In the present invention, the balls for the secondary ball-milling treatment are preferably zirconium balls, and are further preferably ball-milled using mixed zirconium balls comprising large zirconium balls and small zirconium balls, wherein the diameter of the large zirconium balls is preferably 8 to 10mm, and the diameter of the small zirconium balls is preferably 4 to 6 mm; the ratio of the diameters of the large zirconium balls and the small zirconium balls is preferably 2: 1, and the weight ratio is preferably 1: 1. In the invention, the secondary ball milling treatment is preferably wet ball milling; the medium for wet ball milling is preferably absolute ethyl alcohol.

In the invention, the rotation speed of the secondary ball milling treatment is preferably 200-400 rpm, and more preferably 300 rpm; the time of the secondary ball milling treatment is preferably 2-12 h, and further preferably 4 h. The equipment adopted by the secondary ball milling treatment is not particularly limited, and the ball milling equipment well known in the field can be adopted; in the embodiments of the present invention, the secondary ball milling treatment is preferably performed in a tumbling ball mill. The invention leads the crystal grains of the first-grade ceramic powder to be more refined through the second-grade ball milling treatment. In the present invention, the particle size of the mixed powder obtained by the secondary ball milling treatment is preferably 0.2 to 1.0 μm, and more preferably 0.3 to 0.5 μm.

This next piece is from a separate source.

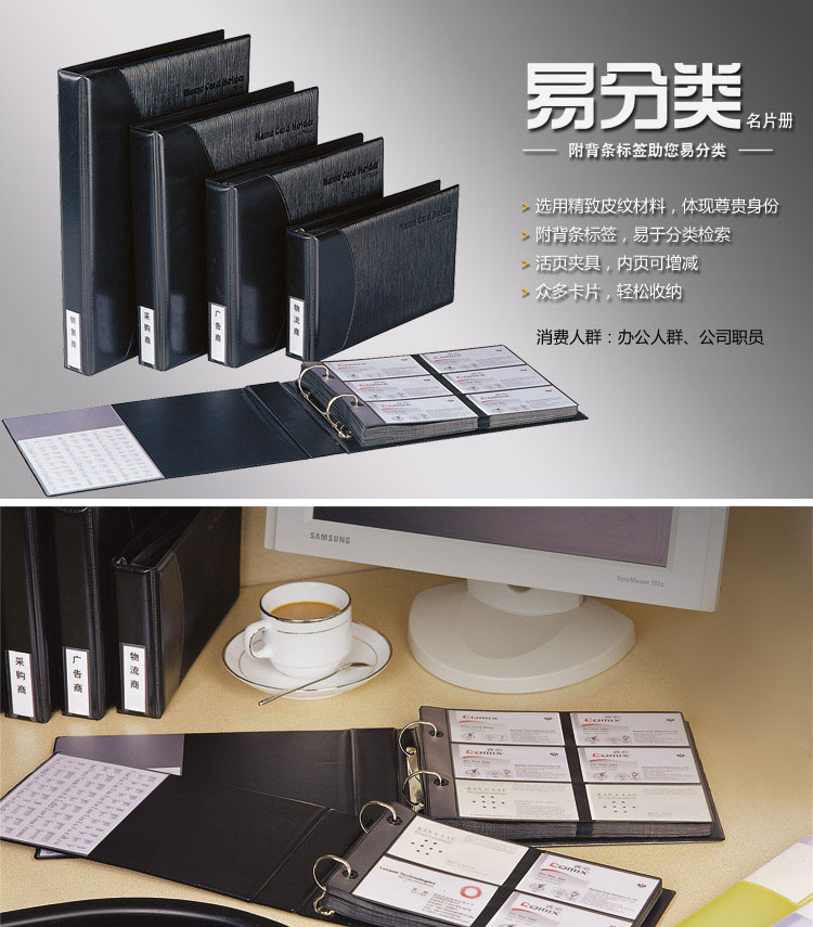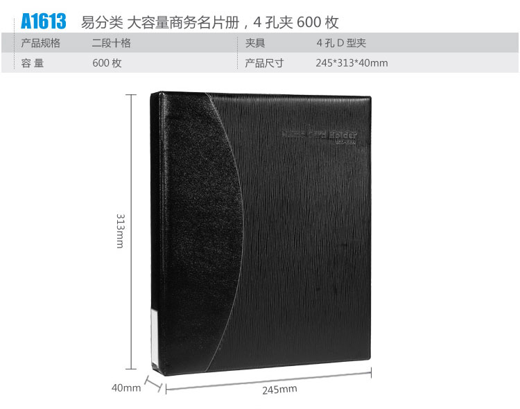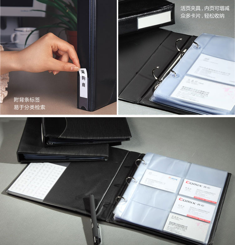 • 商品名称:齐心(Comix) A1613 大容量商务名片册 二段十格 600枚/本 黑色
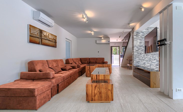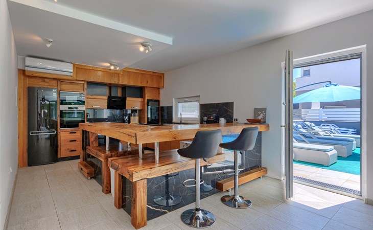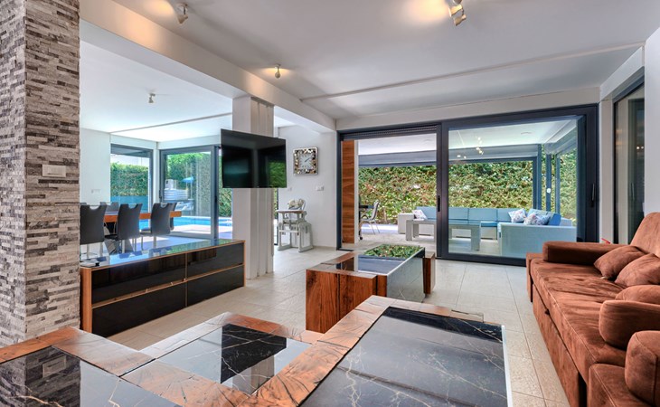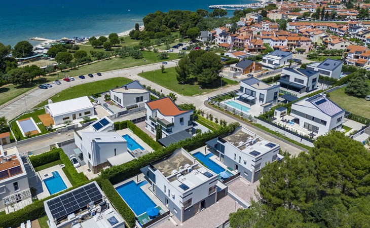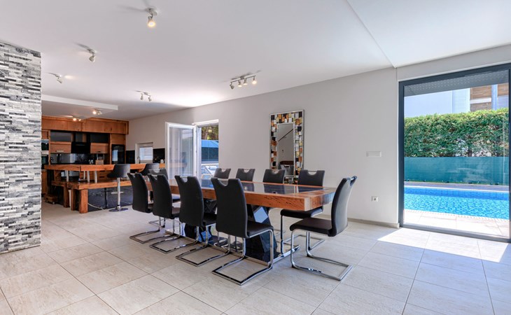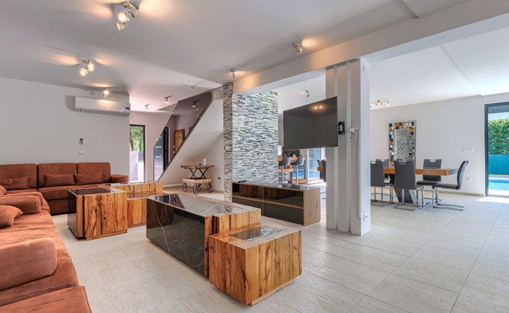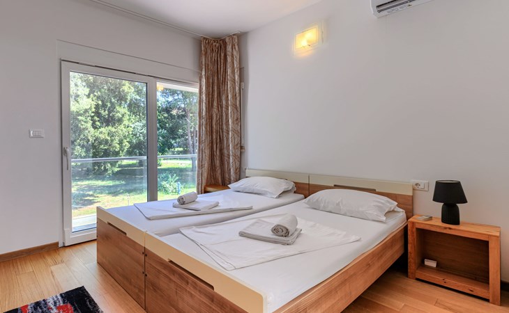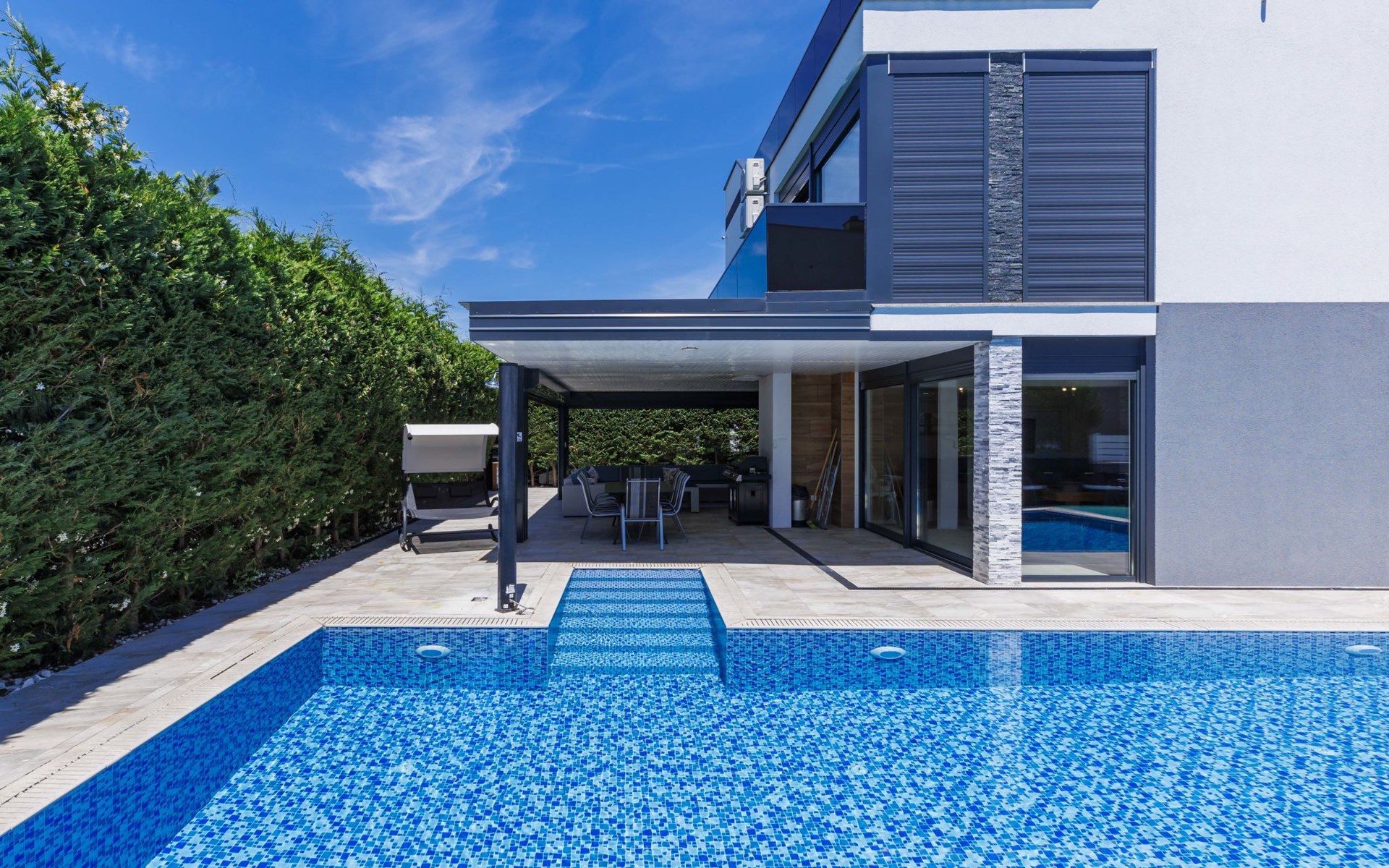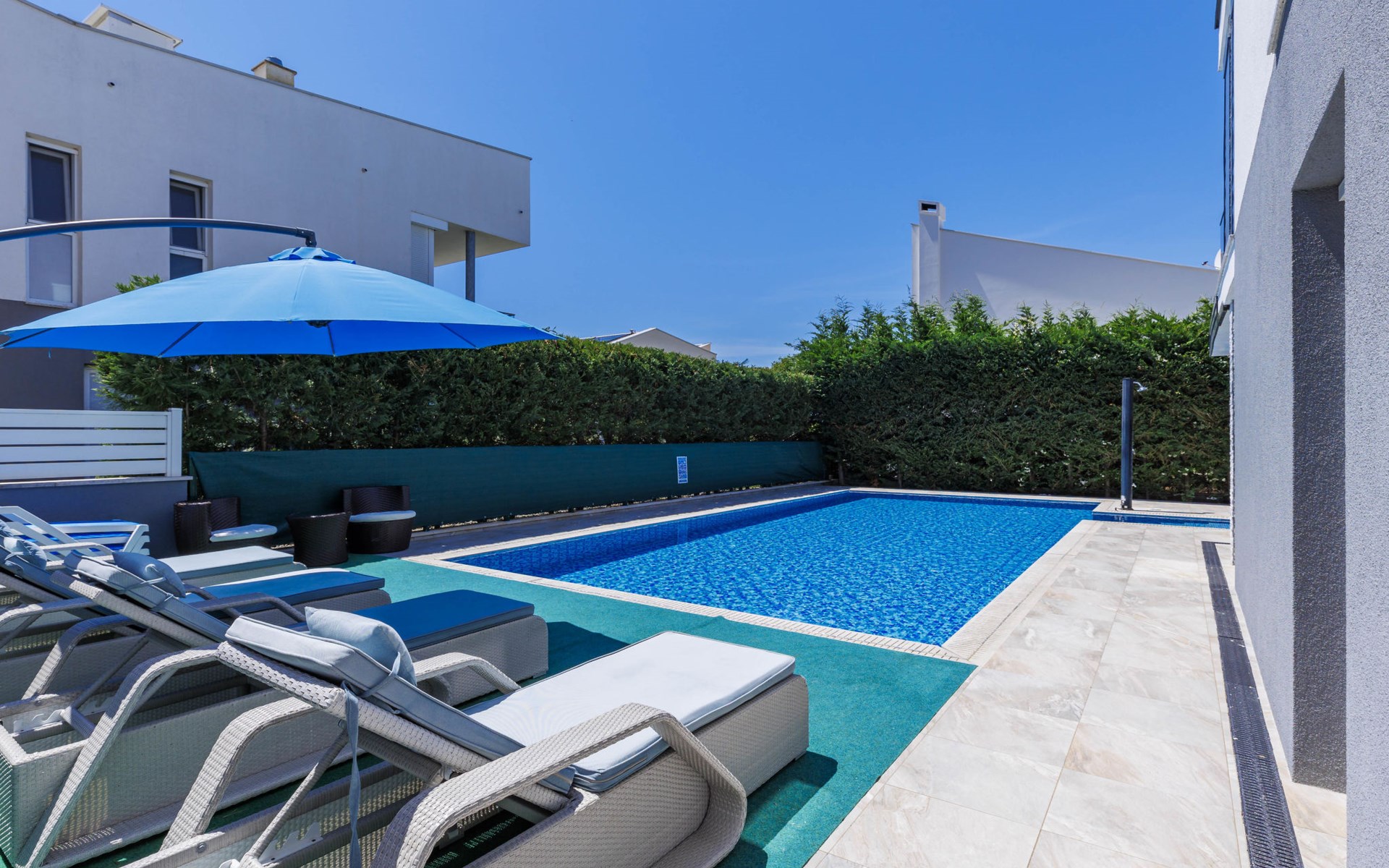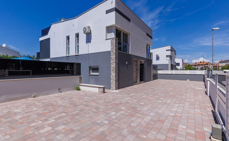 Villa "Rial 2", 2 storeys. 500 m from the centre of Fažana, 250 m from the sea, 250 m from the beach. Private: property 400 m2 (fenced), swimming pool (11 x 5 m, 60 m2, depth 140 cm, seasonal availability: 01.May. - 01.Oct.) with internal staircase. Outdoor shower, garden furniture. In the house: internet access, washing machine. Parking (for 4 cars) at the house on the premises. Shop 250 m, restaurant 300 m, bus stop 550 m, pebble beach 250 m. Object suitable for 8 adults + 2 children. Please note: airfield 10 km from the property.

After the secondary ball milling treatment is finished, the secondary ball milling powder obtained by the secondary ball milling treatment is preferably dried and sieved in sequence. In the invention, the drying treatment is preferably to screen and separate the zirconium balls and the powder slurry through a screen with the aperture of 1-2mm, the powder slurry is stored in a drying dish, and the drying dish is placed in an oven for drying, wherein in the invention, the drying temperature is preferably 60-80 ℃, and more preferably 70 ℃; the time is preferably 2-8 h; further preferably 4 hours. The invention can remove the organic solvent absolute ethyl alcohol in the wet ball milling process by drying. In the present invention, the mesh number of the screen used for the sieving treatment is preferably 100 meshes, and the secondary ceramic powder is obtained.

After secondary ceramic powder is obtained, the secondary ceramic powder is sequentially pressed and sintered to obtain a ceramic sample of the 5G ceramic filter material.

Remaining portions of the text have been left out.